> _Exercise directions_
Beginning with the line that holds "La purezza essenziale" and finishing with the line that holds "Targhe Cartello Targa", repeat the listing exactly, leaving every picture out.

> _Given data_
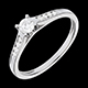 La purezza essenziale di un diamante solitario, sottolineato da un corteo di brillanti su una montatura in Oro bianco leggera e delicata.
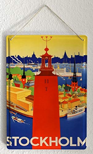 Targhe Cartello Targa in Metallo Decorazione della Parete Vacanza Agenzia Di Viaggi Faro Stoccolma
...
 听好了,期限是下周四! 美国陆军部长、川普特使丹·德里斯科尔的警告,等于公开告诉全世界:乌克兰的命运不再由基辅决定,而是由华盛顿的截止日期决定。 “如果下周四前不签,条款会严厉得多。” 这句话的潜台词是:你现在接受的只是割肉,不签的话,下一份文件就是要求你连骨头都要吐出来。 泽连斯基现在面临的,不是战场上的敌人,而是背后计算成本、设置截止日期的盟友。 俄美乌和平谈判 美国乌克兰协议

> _Exercise output_
 La purezza essenziale di un diamante solitario, sottolineato da un corteo di brillanti su una montatura in Oro bianco leggera e delicata.
 Targhe Cartello Targa in Metallo Decorazione della Parete Vacanza Agenzia Di Viaggi Faro Stoccolma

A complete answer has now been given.